The old Roman villa at Camlan was drab; it was cold and decaying. The echoes of its former splendor only exaggerated its cheerlessness. The tiled floor still held between its cracks the dust and pollen that had settled there during the dry summer; mildewed grain littered the corners of the central atrium, whichdertrium, had been used as an emergency storeroom during the haphazard harvest that was gathered in the threatening shadow of a sudden storm. Part of the hypocaust had collapsed, and someone had tried to block off the drafty hole in the atrium floor with disused masonry and rubble left over from the villa’s original restoration. The old leaded glass windows, so perfect and unusual, had not been cleaned for many months. Even the braziers gave little heat. The Great Hall was warmer, with its roaring fire and close company, but after months of solitary silence and open space I found it crowded and airless almost beyond my endurance. I felt at home in the villa, ruined as it was; I knew those corridors, where each lamp bracket fits, the artist’s little flaws in the tiled border of the atrium mosaic, the staring glass eyes of the Christian portraits there.

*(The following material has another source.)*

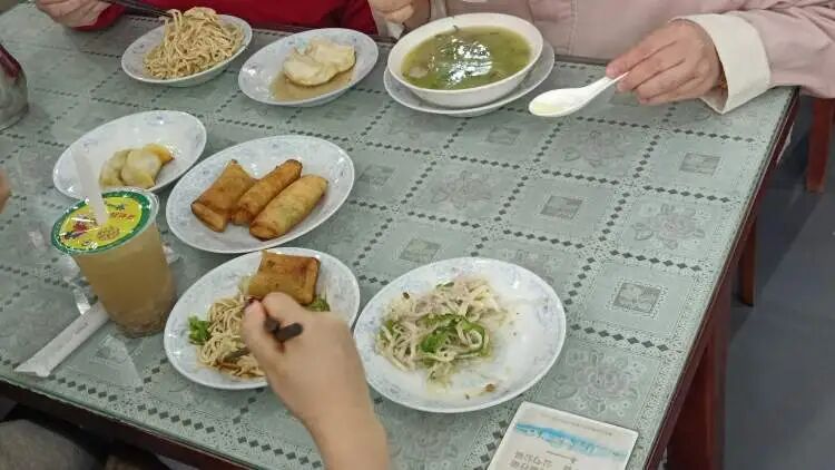 在店内,记者遇到了正在吃冷面和冷馄饨的蔡女士和周女士,她们俩是好友,这次都是在4月初从国外回沪探亲。周女士在小红书上看到普陀的这家四如春有冷面供应了,就和蔡女士相约而来。周女士则告诉记者,小时候她家就住在卢湾的四如春旁边,每到夏天,她经常拿着钢盅锅子去买冷面。蔡女士笑着说,吃到了久违的老味道,在海外吃不到这么正宗的冷面和冷馄饨。

No real welcome awaited me. Of course, they did not expect me, and those of the household who were still awake were preoccupied with some present crisis. It did not seem the right moment to inquire if I could still use my old room. When my father’s queen hurriedly received me I told her I would stay in the Great Hall where most of the household slept. Ginevra agreed, apologetically; they had been using my room for storage, and it would have to be cleared out before I could use it. "You’ll be more comfortable in the Hall," she added. "It’s warmer there. Artos is the only one who knows how the hypocaust works; we can’t mend it till he returns. And"—she paused; and I could see her setting her jaw so that she would not falter—"and I think Lleu is dying. He has been ill all winter, and today he is scarcely able to breathe. Otherwise we should have given you more of a welcome, Medraut."

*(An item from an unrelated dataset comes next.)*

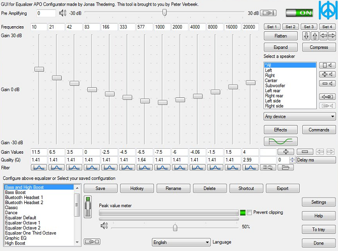 إنه أقوى معادل صوت مجاني وقابل للتخصيص ومميز تمامًا و تتضمن أفضل ميزات Equalizer APO عددًا غير محدود من الفلاتر ، واستخدام متعدد القنوات ، ودعم الصوت المحيطي ثلاثي الأبعاد ، واستخدام وحدة المعالجة المركزية منخفض جدًا يمكنك أيضًا إنشاء ملفات تعريف متعددة (ربما لمكبرات الصوت الخارجية وسماعات الرأس) والتبديل بينها بسرعة.

Lleu, the Bright One: the high king’s youngest child, his heir, and my half brother. I had forgotten how sickly he was. His sister Goewin had always been healthy, and fiercely protective of her small twin brother. They were eight when I left. Lleu’s letters had stopped more than three years ago, before I came to the Orcades. He would be almost fifteen now, almost adult. Still so frail, racked by asthma, torn through and through by even the slightest chill wind or damp day? And Artos counted on him to be the next high king.